What: A Movie and a Schmooze - "100 Voices" Film followed by Bantor with the Cantors
When: 7:30 PM
  • Admission is exclusive to ticket holders of the Gala Evening Concert on Wednesday so plan ahead.

Friday
What: Lunch Time Music - Klezkonnection
Where: Ben Sadowski Auditorium, Mount Sinai Hospital
When: 12 PM
  • Klezkonnection is a community klezmer orchestra. You might have seen them wowing the audience at the 2010 Ashkenaz Festival.!

Shabbat Bonus: There will be 4 unique musical ways to usher in Shabbat on Friday night. Check the schedule to find the one that's right for you.

Saturday
What: Community Melaveh Malka
When: 9:45 PM - after Shabbat

Sunday
What: Jewish Big Band featuring Bob DeAngelis and his Champagne Symphony Big Bandk
When: 7 PM
  • The official closing party of the Festival!

Casandra Campbell

Wednesday, May 25, 2011

Tarek Fatah & the Helen and Stan Vine Canadian Jewish Book Awards

It’s that time of year again: warmer weather, leaves on trees, gardens growing and… the very best in Canadian writing on Jewish themes and subjects! The 23rd annual Helen and Stan Vine Canadian Jewish Book Awards returns on May 30 at 8 PM – this year at the Bram and Bluma Appel Salon at Toronto Reference Library, 789 Yonge Street. The ceremony is FREE and will be followed by a book signing with ALL the winning authors – please join us and bring your friends!

Each year, the Jury decides on the number and type of awards depending on the submissions and their eligibility. This year, six awards will be presented for books published between January 1, 2010 and December 31, 2010.
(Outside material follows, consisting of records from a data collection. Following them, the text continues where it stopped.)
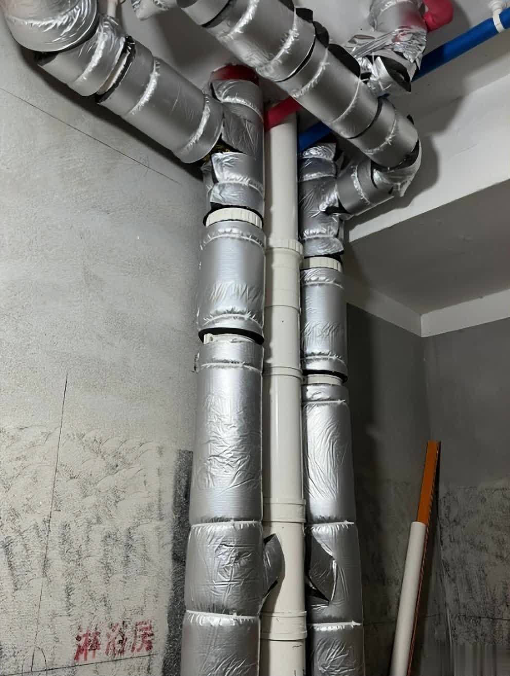 选择隔音棉时,要注意别把保温棉当成隔音棉,包上实则没效果。隔音棉应选厚度2公分、背面自带自粘胶的。包下水管前先把下水管表面擦干净,保证阻尼片能粘贴上去,防止后期粘贴不住。先包减震阻尼片再包隔音棉!阻尼片优先包横管、回水湾处和湾头处,能减少水流冲击产生的噪音。每隔40公分左右,用固定带固定一下会更坚固。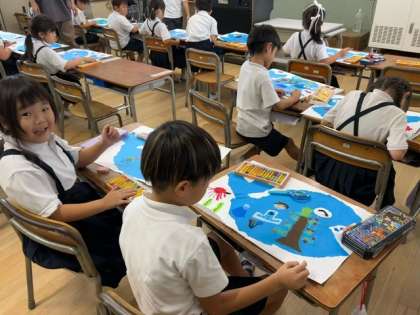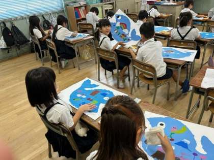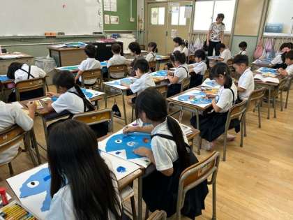 前の時間(8/28掲載)に、クジラをつくって画用紙に貼りました。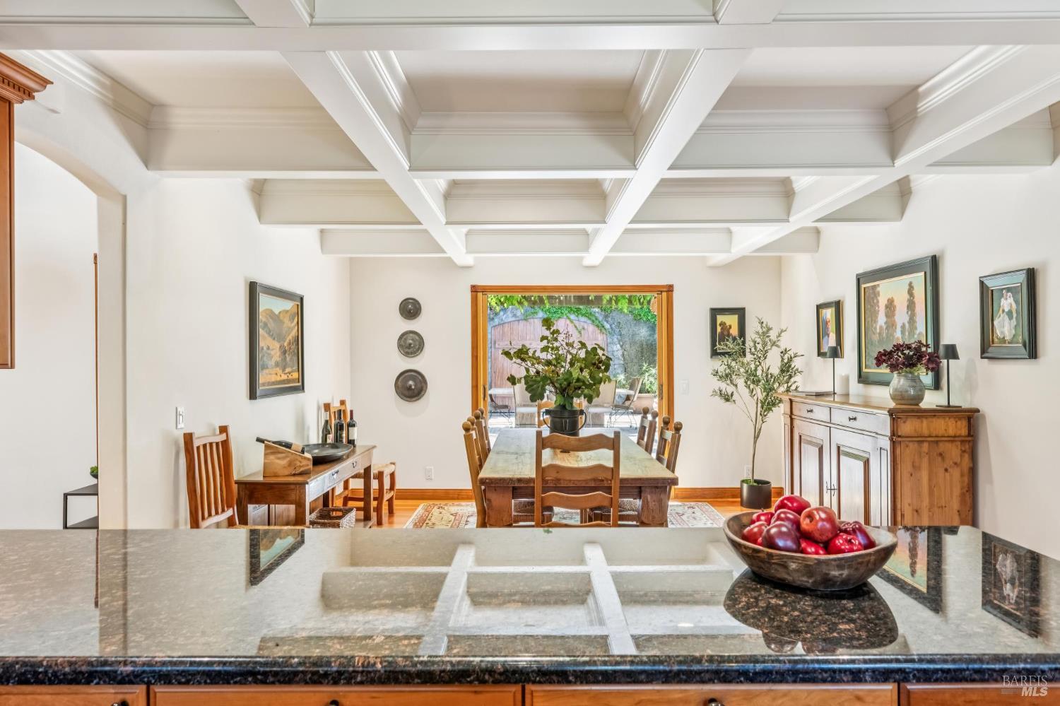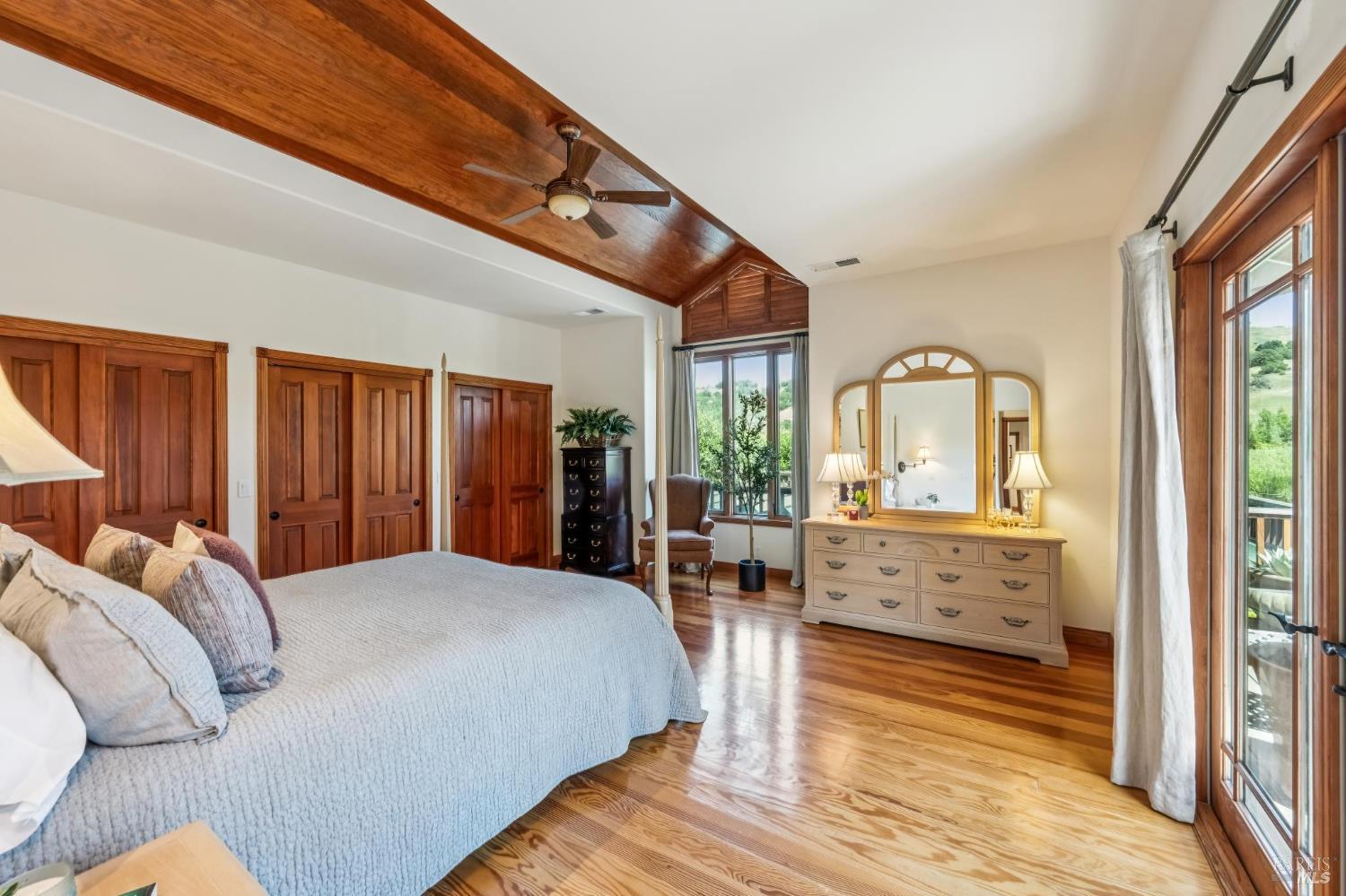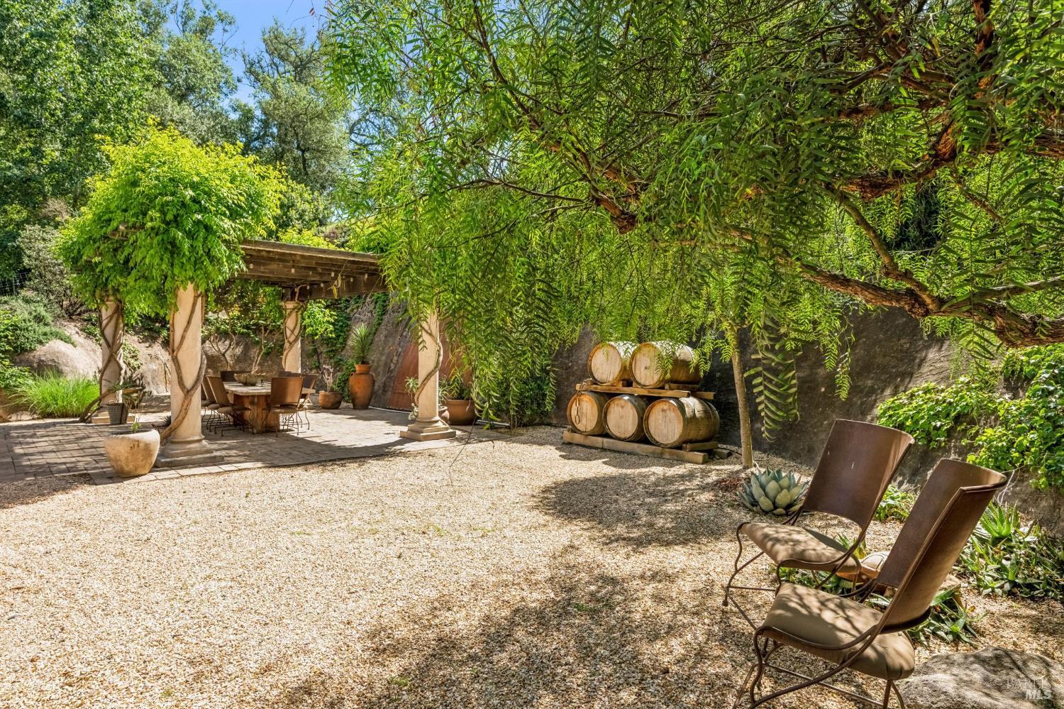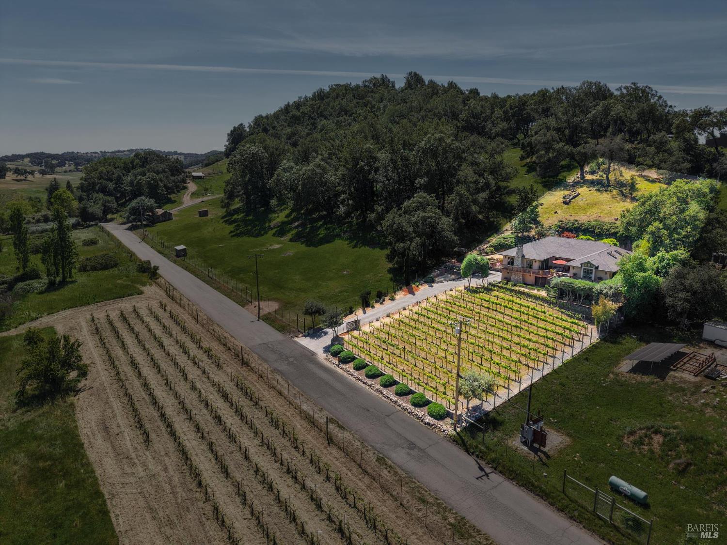 Perfectly located on coveted Lovall Valley, this property is situated on Sonoma's Eastside and showcases exceptional views of nearby vineyards and surrounding hillsides. A gated entry leads past stone walls and native landscaping to a hobby vineyard with approximately 300 mature Petit Verdot vines. Upon entering the residence, you are greeted by a spacious living room with cathedral ceilings and expansive windows designed to capture the dramatic landscape and natural light throughout the day. Gleaming fir floors and a gas fireplace create a warm, inviting atmosphere. The kitchen is equipped with a Wolf range, Sub-Zero refrigerator, generous storage, and connects seamlessly to the dining area, which features coffered ceilings and French doors that open to the grounds. The outdoor areas are thoughtfully designed and include a pergola draped in trumpet vines, creating a natural extension of the living space and a perfect setting for entertaining friends and family. The single-level layout offers three bedrooms and two and one-half bathrooms, all with consistent wood flooring. The expansive primary bedroom features high ceilings and French doors that lead to a nearby deck. Enjoy all that Sonoma Valley has to offer in this inviting Wine Country retreat, centered around views, indoor-outdoor living, and a strong connection to Sonoma's natural beauty.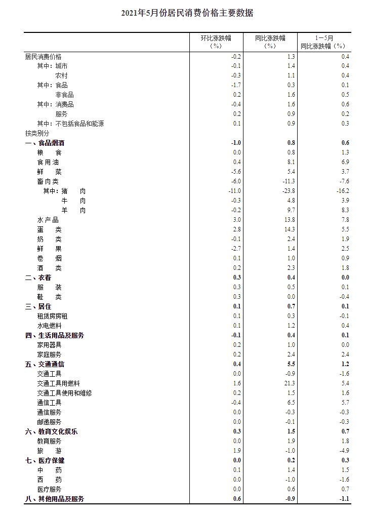 數(shù)據(jù)顯示,2021年5月份,全國(guó)居民消費(fèi)價(jià)格同比上漲1.3%。具體來說:食品價(jià)格上漲0.3%,非食品價(jià)格上漲1.6%;消費(fèi)品價(jià)格上漲1.6%,服務(wù)價(jià)格上漲0.9%。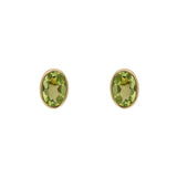Oval Cut Peridot Stud Earrings Set In 9ct Yellow Gold.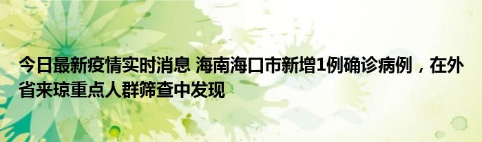 今日最新疫情实时消息 海南海口市新增1例确诊病例,在外省来琼重点人群筛查中发现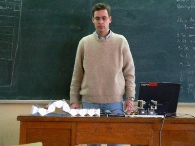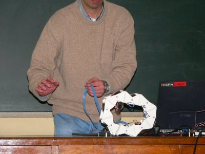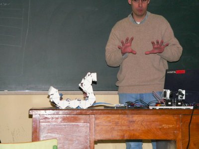 Como siempre, en estas charlas hago muchas demostraciones. A la gente le gusta ver cosas moverse, más que escuchar un rollo teórico :-). En la foto de la derecha se ve a Cube Revolutions en posición de “cobra”.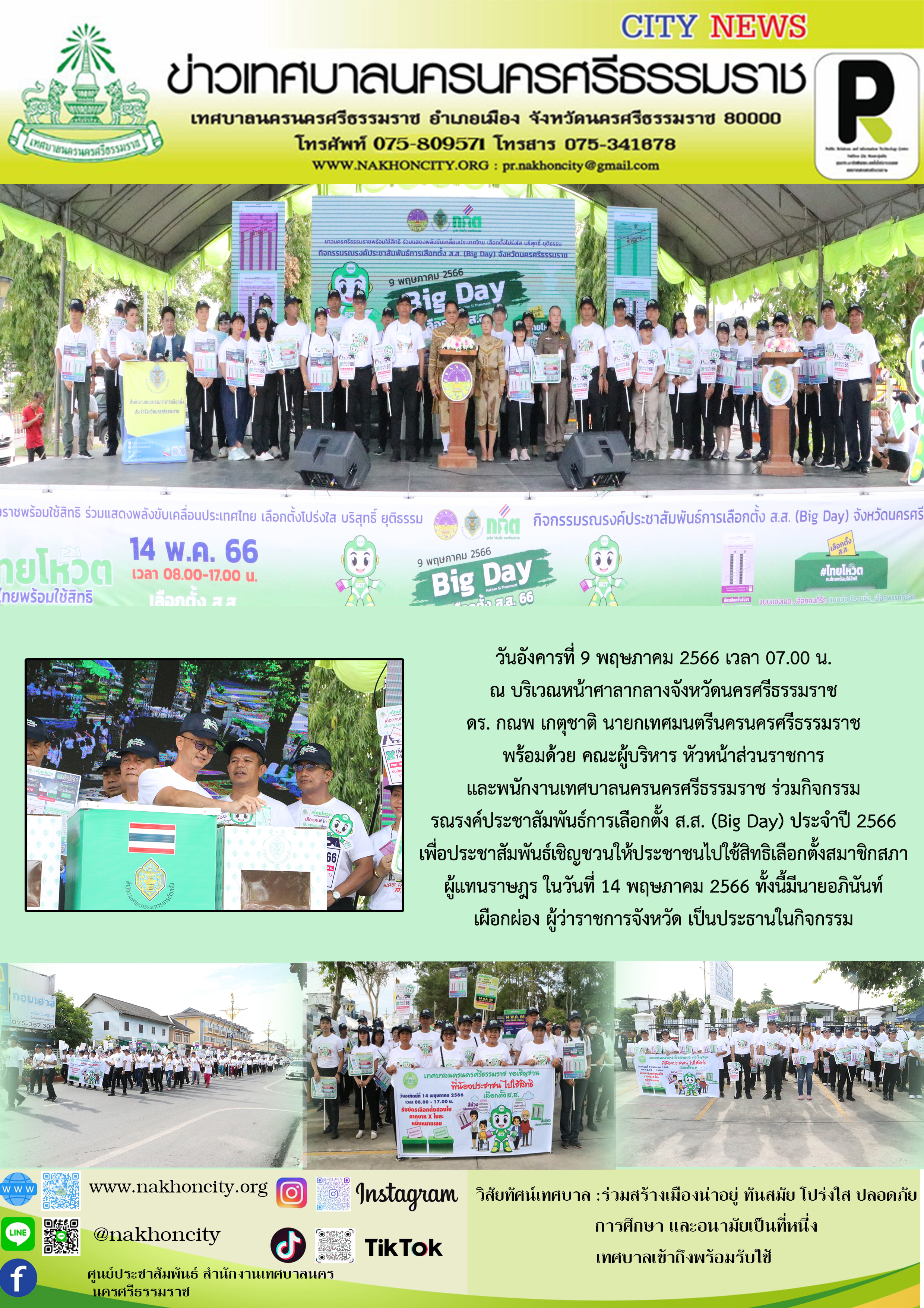 ดร. กณพ เกตุชาติ นายกเทศมนตรีนครนครศรีธรรมราช พร้อมด้วย คณะผู้บริหาร หัวหน้าส่วนราชการ และพนักงานเทศบาลนครนครศรีธรรมราช ร่วมกิจกรรม รณรงค์ประชาสัมพันธ์การเลือกตั้ง ส.ส. (Big Day) ประจำปี 2566 |

Tarek Fatah’s critically acclaimed The Jew is Not My Enemy: Unveiling the Myths that Fuel Muslim Anti-Semitism has won in the Politics and History category. Fatah’s second book, it debunks the anti-Jewish writings of Islamic literature and argues that hating Jews is against the essence of the Islamic spirit. The Jury commended Fatah on his courage to write the book, and his “diligent scholarly and journalistic research examining the historical, political and theological ideas. In the end the book is a personal history of a journey towards tolerance and reconciliation.” Fatah also spoke on the book to a full house of over 500 people at the Toronto Jewish Book Fair back in October 2010 (see some pics here on our Flickr page).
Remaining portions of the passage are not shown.